Ultimately, I must reject the idea of karma on the simple reason that it is a concept foreign to the Scriptures; karma allows the future to be in the hands of man, yet the Scriptures reveal that from ancient times, God has already declared those things which would happen from then until the end and that His will shall be done. ((Isaiah 46:10.))

The effect upon the free will of man that this has can be argued until all involved parties are blue in the face, though for my part I believe that it is God’s will that man does have free will, but that also man is bound to his nature. In other words, man in his natural state is bound to ungodliness and that is all he will ever want to choose. Part & parcel with not getting what we want, the elect are also denied free will. While we were yet sinners, Christ died for us; we didn’t ask Him to. While we were yet unbelievers, the Father dragged us to Christ and converted us; we didn’t ask Him to, and it’s only after we are converted and receive the gift of faith that we begin to desire Jesus Christ. It is only after our natures are changed that our affections attest of a faith in God.

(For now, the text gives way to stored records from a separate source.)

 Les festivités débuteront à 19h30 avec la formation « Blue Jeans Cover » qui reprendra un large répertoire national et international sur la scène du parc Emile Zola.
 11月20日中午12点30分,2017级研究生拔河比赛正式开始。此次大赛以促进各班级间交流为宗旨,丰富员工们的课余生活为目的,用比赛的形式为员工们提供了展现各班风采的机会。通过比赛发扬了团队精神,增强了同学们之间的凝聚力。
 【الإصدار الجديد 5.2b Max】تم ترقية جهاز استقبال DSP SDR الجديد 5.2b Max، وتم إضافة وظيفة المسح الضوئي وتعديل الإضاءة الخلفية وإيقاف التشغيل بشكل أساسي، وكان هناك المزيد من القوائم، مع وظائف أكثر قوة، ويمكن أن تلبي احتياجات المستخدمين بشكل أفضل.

3 thoughts on “Karma & Christianity”

  1. ” if you define karma as “a person gets what they deserve at some point, whether in this life or the afterlife,” then I partially agree with you.”

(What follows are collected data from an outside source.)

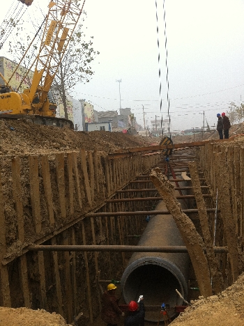 2014年2月4日17時(shí)許,該管道回拖完成,這標(biāo)志著此次配套工程中技術(shù)含量最高、 難度最大的河南省水利史上首個(gè)定向鉆穿越河道工程精彩完成。
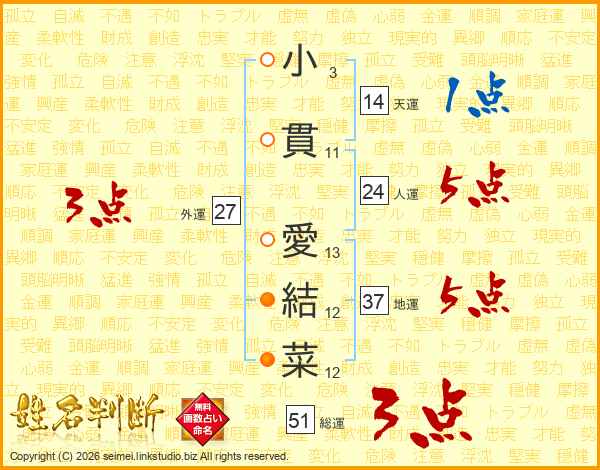 小(3画)貫(11画) 愛(13画)結(12画)菜(12画)
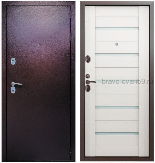 Стальная дверь Аляска Царга PRO в цвете внешней панели Антик медь и внутренней царговой панели Капучино и с 3-мя контурами уплотнения для необходимой защиты Вашей квартиры от посторонних шумов и запахов, внутреннее наполнение с применением базальтовой плиты надежно уберегут Вас от проникновения холода. Замочные карманы с механизмами 2 и 4 класса взломостойкости.
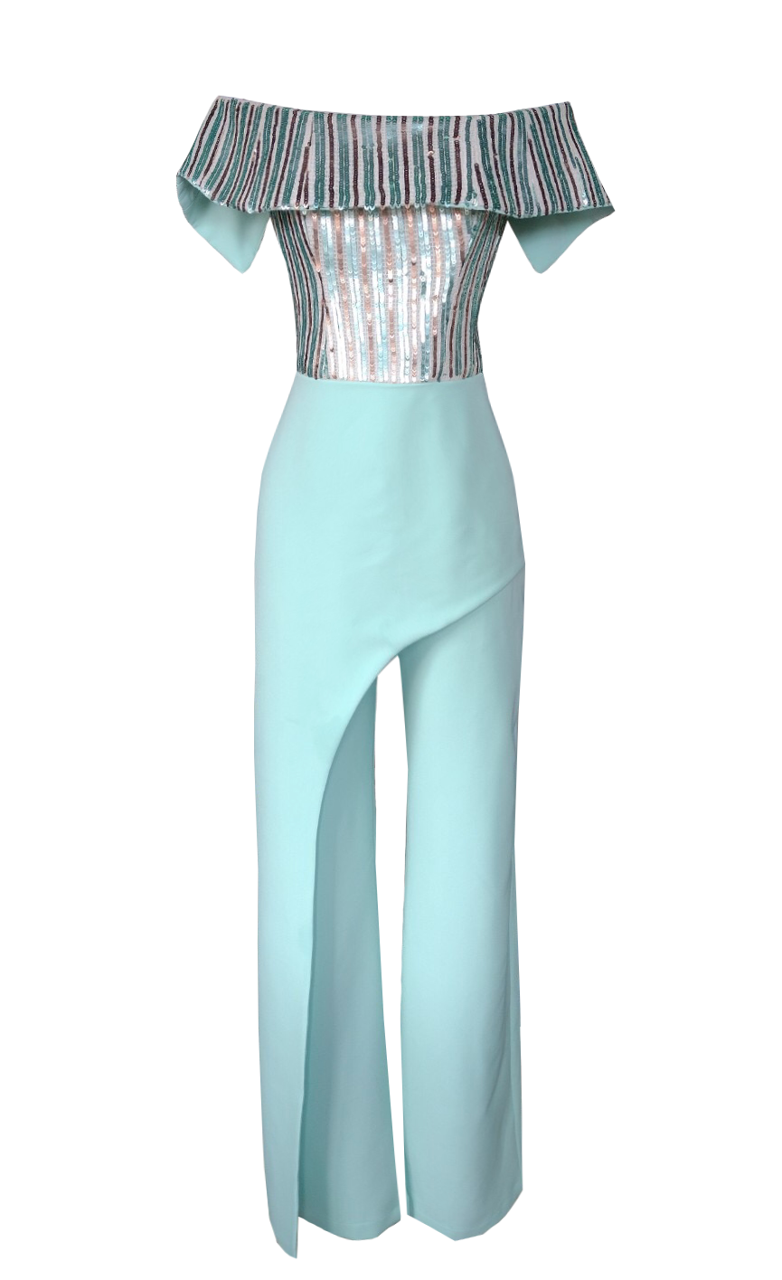 Este enterizo combina elegancia y sofisticación con un diseño que resalta en cualquier ocasión especial. Confeccionado en un tejido suave, el enterizo presenta un pantalón en un suave tono baby blue que ofrece una apariencia fresca y elegante. El color pastel proporciona una base delicada y versátil que se adapta a diversas ocasiones. La parte superior del enterizo está adornada con lentejuelas plateadas que capturan y reflejan la luz de manera deslumbrante. El brillo de las lentejuelas añade un toque de glamour y sofisticación, haciendo que este enterizo sea ideal para eventos nocturnos, fiestas y celebraciones.
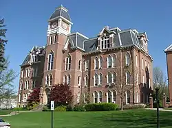 Miller Hall is a historic building located on the campus of Waynesburg University at Waynesburg in Greene County, Pennsylvania. It is located directly to the east of Hanna Hall. It was built between 1879 and 1899, and is a three-story, brick and sandstone building in the Second Empire-style. It has a mansard roof and measures 158 feet long and 54 feet wide, with an 86 feet long and 50 feet wide cross-section. It was named for Alfred Brashear Miller, President of Waynesburg College from 1859 to 1899. The building has housed administrative offices, classrooms, a laboratory, library, and chapel. The building also houses Alumni Hall and the "Martin Room."[2]

    Well, at least I got a partial agreement, but you are right-we could argue until we are blue in the face and still not agree on things.

  2. Sandi: Perhaps. Still, it leaves me curious about just what your beliefs are really like and upon what you’re basing it, and perhaps most importantly, are you confident enough in them that if you were to die today, it wouldn’t pose a spiritual problem for you?

  3. Thank you Rick, your karma comentary was just what I was looking for.

    May the Holy Spirt continue to guide you.